Saved entries
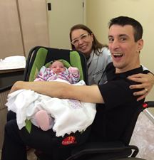 Nas duas primeiras consultas da nossa filha com a pediatra, fomos acompanhados e ajudados pelo meu irmão – que nos aconselhou a não irmos sozinhos – e por uma irmã de Silvia. Na primeira delas, entramos no consultório em si sozinhos, com nossa filha num bebê conforto, este no meu colo e Silvia empurrando minha cadeira de rodas. Achei que também podia fazer assim todo o trajeto do estacionamento ao consultório, já que a calçada da rua é boa e tem rampa, temendo só descer esta – mas a descida de ré foi segura. Hoje, nossa filha completou dois meses, tinha outra consulta, resolvemos ir sem ajuda, Silvia teve certo trabalho para nos colocar e tirar do carro e tivemos êxito.
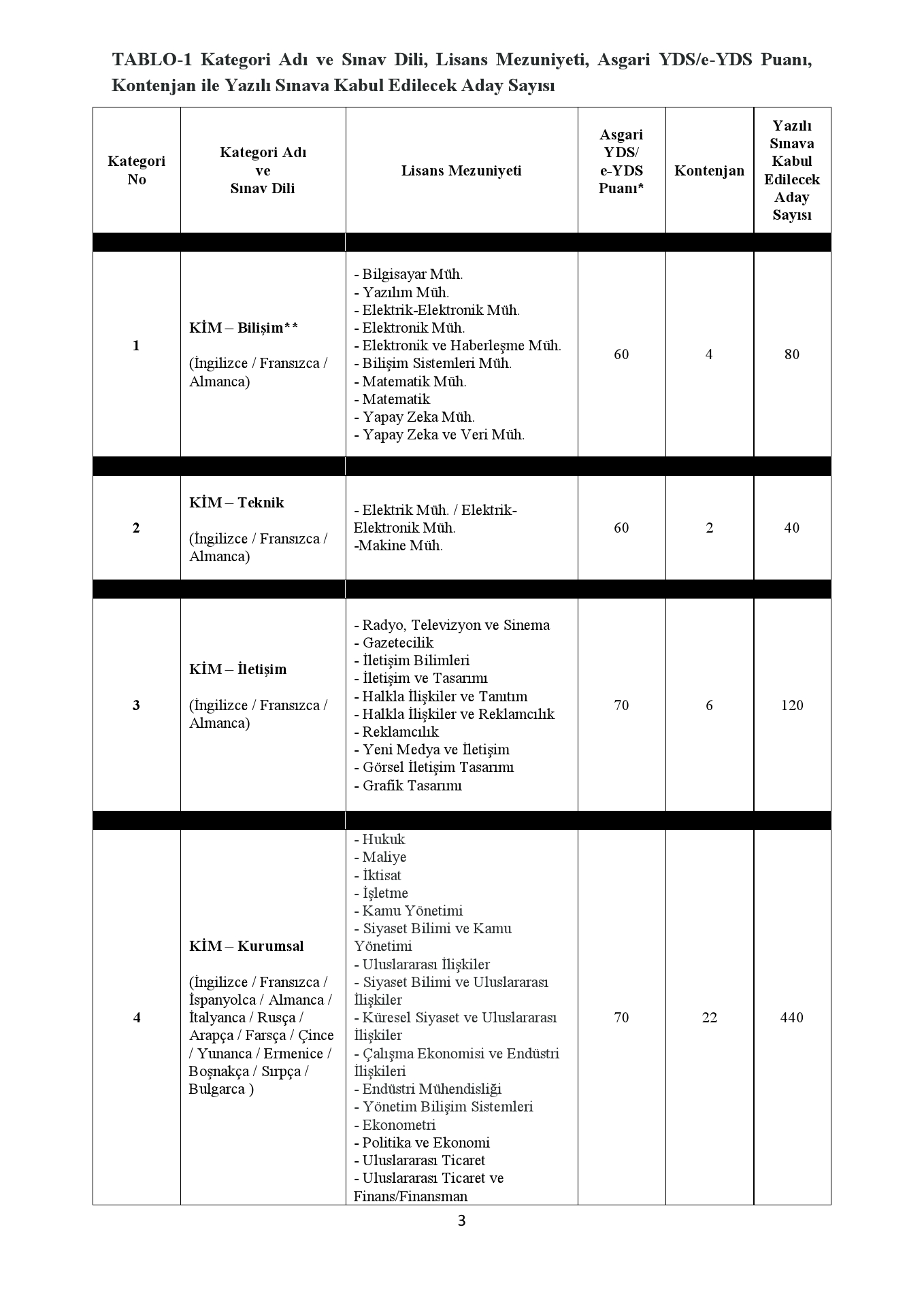 3. Tüm kategorilerde yapılacak başvurularda lisans mezuniyet şartını yurtdışındaki yabancı üniversitelerde karşılayan adaylar için: Tablo-1'de belirtilen yabancı dillerde YDS/e-YDS veya ÖSYM'nin eşdeğerlik dokümanında yer alan yabancı dil sınavlarına ilişkin sonuç belgesi bulunmayan adaylar, diploma denkliği YÖK tarafından onaylanmış olmak kaydıyla, lisans eğitimi alınan yabancı ülkenin resmi dilinde veya resmi dili bulunmayan yabancı ülkelerde yaygın olarak konuşulan dillerde eğitim veren fakültelerden mezun olmaları halinde ilgili kategorideki sınava başvurabilirler. Söz konusu adaylar sıralamada YDS/e-YDS ve eşdeğer sınav sonucuyla başvuranlardan sonra yer alırlar ve kendi aralarındaki sıralamaları lisans mezuniyet not ortalamalarına göre yapılır.
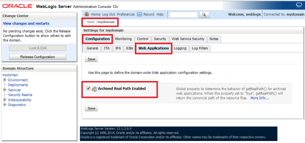 4. In the Web Applications section, select the Archived Real Path Enabled check box.
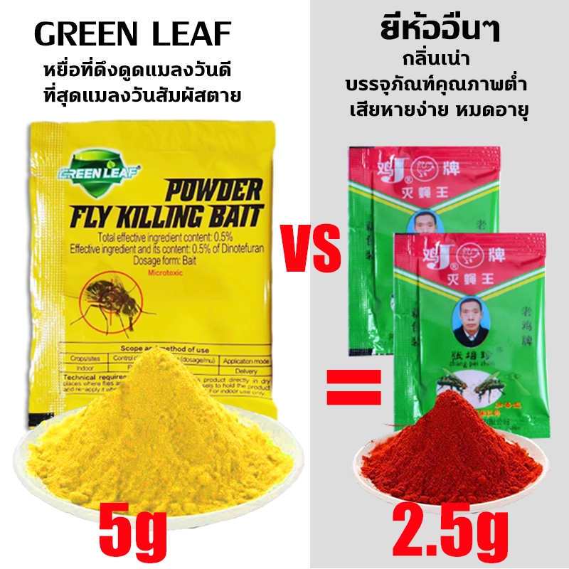 แมลงวันชอบกินสัมผัสแล้วตาย GREEN LEAF ผงไข่เน่า ยาฆ่าแมลงวัน 1กล่อง20ซอง เหยื่อแมลงวัน กำจัดแมลงวันเห็บหมัดแมลงสาบยุง
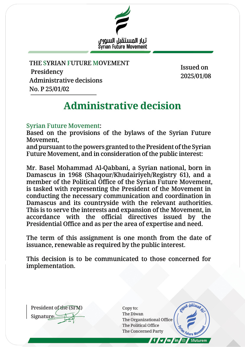 Mr. Basel Mohammad Al-Qabbani, a Syrian national, born in Damascus in 1968 (Shaqour/Khudairiyeh/Registry 61), and a member of the Political Office of the Syrian Future Movement, is tasked with representing the President of the Movement in conducting the necessary communication and coordination in Damascus and its countryside with the relevant authorities. This is to serve the interests and expansion of the Movement, in accordance with the official directives issued by the Presidential Office and as per the area of expertise and need.
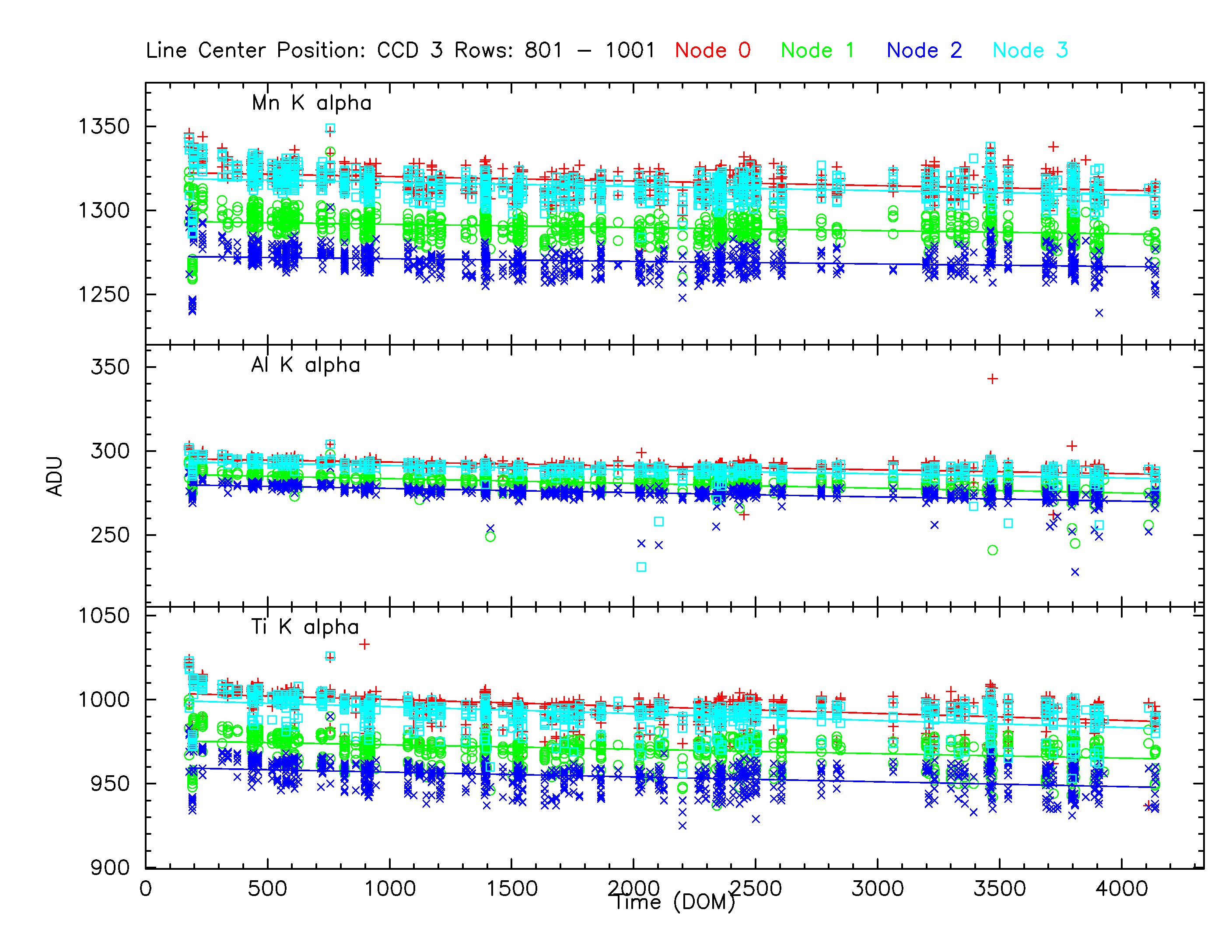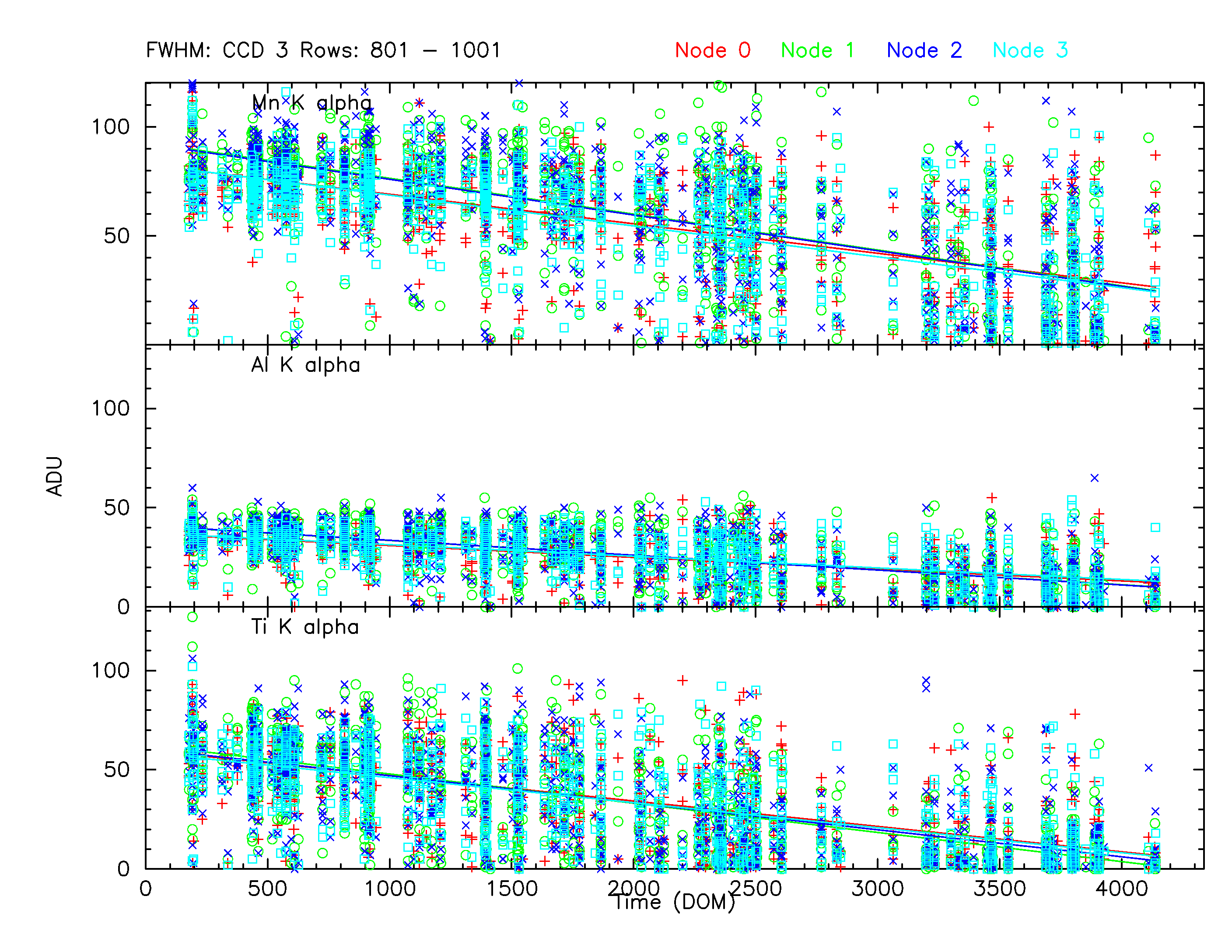 We collected data from acis histogram mode data, and created trend plots of peak portions and peak widths against time (DOM). The peaks were estimated by fitting a simple Gaussian on three peaks (Al, Ti, and Mn), and the widths were estimated by a width at the half max from the peak.
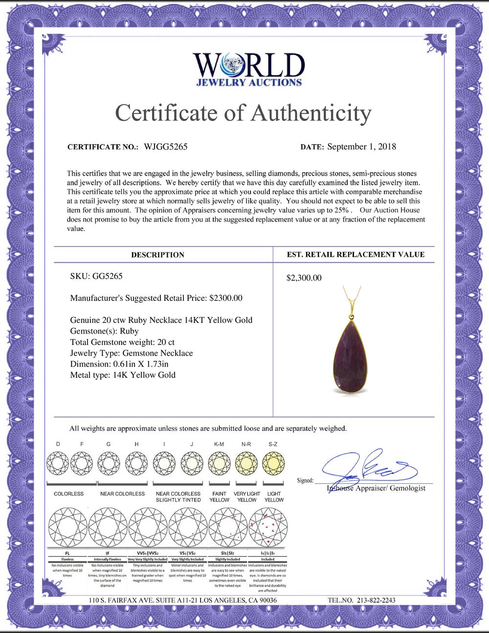 All property is sold “AS IS”, and ALL SALES ARE FINAL. Property is open to thorough public inspection. It is the Bidder’s responsibility to determine condition, age, genuineness, value or any other determinative factor. WJA may attempt to describe the merchandise in advertising and on the Internet but makes no representations. In no event shall WORLD JEWELRY AUCTION be held responsible for having made or implied any warranty of merchantability or fitness for a particular purpose. Bidder shall be the sole judge of value.
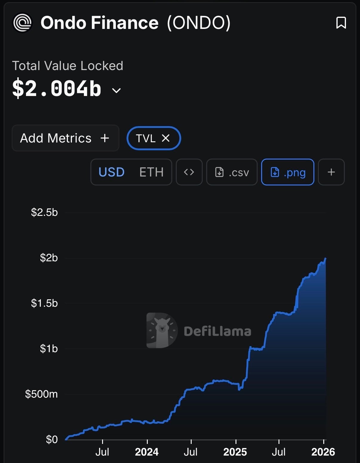 Ondo Finance TVL surpasses 2 billion dollars as tokenized real world assets grow on blockchain

**DIRECTIONS:** Your copy of the data above should match it exactly, apart from the images.

**SOLUTION:**
 Nas duas primeiras consultas da nossa filha com a pediatra, fomos acompanhados e ajudados pelo meu irmão – que nos aconselhou a não irmos sozinhos – e por uma irmã de Silvia. Na primeira delas, entramos no consultório em si sozinhos, com nossa filha num bebê conforto, este no meu colo e Silvia empurrando minha cadeira de rodas. Achei que também podia fazer assim todo o trajeto do estacionamento ao consultório, já que a calçada da rua é boa e tem rampa, temendo só descer esta – mas a descida de ré foi segura. Hoje, nossa filha completou dois meses, tinha outra consulta, resolvemos ir sem ajuda, Silvia teve certo trabalho para nos colocar e tirar do carro e tivemos êxito.
 3. Tüm kategorilerde yapılacak başvurularda lisans mezuniyet şartını yurtdışındaki yabancı üniversitelerde karşılayan adaylar için: Tablo-1'de belirtilen yabancı dillerde YDS/e-YDS veya ÖSYM'nin eşdeğerlik dokümanında yer alan yabancı dil sınavlarına ilişkin sonuç belgesi bulunmayan adaylar, diploma denkliği YÖK tarafından onaylanmış olmak kaydıyla, lisans eğitimi alınan yabancı ülkenin resmi dilinde veya resmi dili bulunmayan yabancı ülkelerde yaygın olarak konuşulan dillerde eğitim veren fakültelerden mezun olmaları halinde ilgili kategorideki sınava başvurabilirler. Söz konusu adaylar sıralamada YDS/e-YDS ve eşdeğer sınav sonucuyla başvuranlardan sonra yer alırlar ve kendi aralarındaki sıralamaları lisans mezuniyet not ortalamalarına göre yapılır.
 4. In the Web Applications section, select the Archived Real Path Enabled check box.
 แมลงวันชอบกินสัมผัสแล้วตาย GREEN LEAF ผงไข่เน่า ยาฆ่าแมลงวัน 1กล่อง20ซอง เหยื่อแมลงวัน กำจัดแมลงวันเห็บหมัดแมลงสาบยุง
 Mr. Basel Mohammad Al-Qabbani, a Syrian national, born in Damascus in 1968 (Shaqour/Khudairiyeh/Registry 61), and a member of the Political Office of the Syrian Future Movement, is tasked with representing the President of the Movement in conducting the necessary communication and coordination in Damascus and its countryside with the relevant authorities. This is to serve the interests and expansion of the Movement, in accordance with the official directives issued by the Presidential Office and as per the area of expertise and need.
 We collected data from acis histogram mode data, and created trend plots of peak portions and peak widths against time (DOM). The peaks were estimated by fitting a simple Gaussian on three peaks (Al, Ti, and Mn), and the widths were estimated by a width at the half max from the peak.
 All property is sold “AS IS”, and ALL SALES ARE FINAL. Property is open to thorough public inspection. It is the Bidder’s responsibility to determine condition, age, genuineness, value or any other determinative factor. WJA may attempt to describe the merchandise in advertising and on the Internet but makes no representations. In no event shall WORLD JEWELRY AUCTION be held responsible for having made or implied any warranty of merchantability or fitness for a particular purpose. Bidder shall be the sole judge of value.
 Ondo Finance TVL surpasses 2 billion dollars as tokenized real world assets grow on blockchain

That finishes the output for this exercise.